There's a scene in the first (and best) season of Denis Leary's series Rescue Me where a firefighter who was a first responder on 9/11 has joined a survivor's group. As the others recount their stories, he gradually realizes that they have no "real" connection to what happened that day and he lashes out angrily, mocking their claim to the pain that has engulfed him. It's a powerful moment and it works for the episode, but it also trivializes the very real emotion that swept the nation on that day.
In the days and weeks and months and years that have followed the events of 9/11, the urge to find a point of connection, a stake in the events, has remained strong. What amazed me at the time, and continues to astonish me, is that in a country of 300 million people, almost no one I've ever talked to didn't have a story to tell, some anecdote to share, some memory that has refused to die. I am a storyteller by trade and yet my own story is not coherent, but made up of fragments of thought and scraps of emotion, and a sense of surreality blanketed with stunned and numbed disbelief. Here it is.
It is a little after six in the morning on the day before my birthday and I am worried about money. My car payment is due and other bills have rolled and I am 11 years into a full-time freelance career and wondering if it's too late to find another job as a film executive.
I have turned on my computer and clicked on AOL because I like to start my day by reading their "Pet of the Day" feature. U have just moved over to the news page when my best friend calls. This is unusual. As I pick up the phone I notice a photograph of one of the Towers burning and a headline that says a plane has hit the building.
"Turn on your TV," Connie says. I turn it on in time to see the second plane hit the second tower and I do not turn the television off for what seems like days.
The first person I hear from is my brother, who has recognized Mohammad Atta as a man he once represented as a court-appointed lawyer in a trivial traffic case in D.C.. "He was an asshole," he tells me. He won the case.
A friend tells me that a woman who worked at her high school was aboard flight #11. My landlord tells me that he and his family had flown the same flight the week before and noticed something odd with some of the passengers. Actor James Wood was on that flight too, and thought the behavior of the same passengers was odd enough to report.
My sister tells me a college friend died. A colleague tells me that her sister's husband is dead. A client tells me her niece works in one of the towers and her mother (the client's twin sister) cannot get in touch with her. (She survived.)
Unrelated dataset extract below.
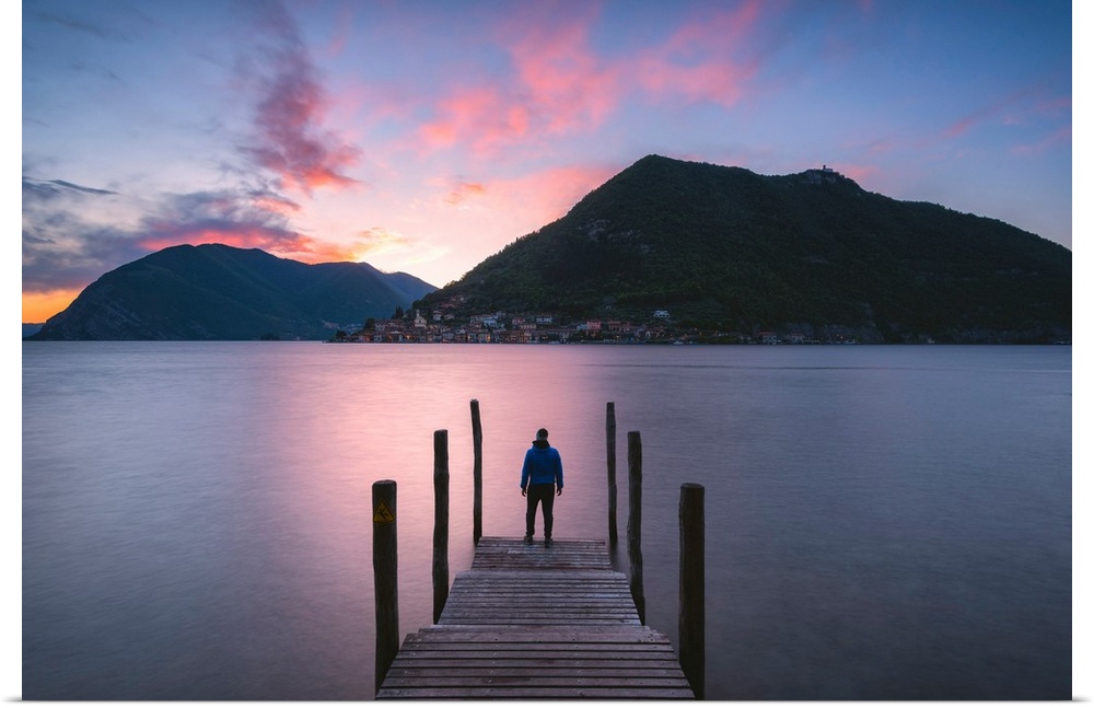 <p>Iseo lake at sunset, Brescia province, Lombardy district, Italy, Europe</p>

I call everyone I know in New York. They're all fine but they all have stories to tell. The television pictures, they say, cannot convey the scope of the disaster, the huge footprint left by the collapsed building. One friend talks about seeing a row of airline seats with passengers still in them, falling out of the sky.
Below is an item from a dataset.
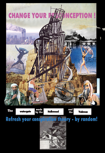 Nos, ez a fajta űr vagy bizonytalanság egy kreatív szituáció, és talán itt lehet egy kis szerepe a művészetnek. Néhány éve készítettem el a Konspiráció-teória generátort, ami az abszurdnak pont ezzel a fajtájával foglalkozik. Ez a mű tulajdonképpen egy montázsgép.

They talk about the sights--the ashes and smoke billowing in a cloud glittering with broken glass.
They talk about the sounds--the earthquake roar of a building collapsing.
And then they talk about the smells.
Where were you when Pearl Harbor was attacked?
Where were you when John Kennedy was assassinated?
Where were you when the Challenger exploded?
Where were you on 9/11? Touchstone questions for different generations.
On 9/11 I was in California, watching events unfold three thousand miles away. I wasn't there. But I bore witness.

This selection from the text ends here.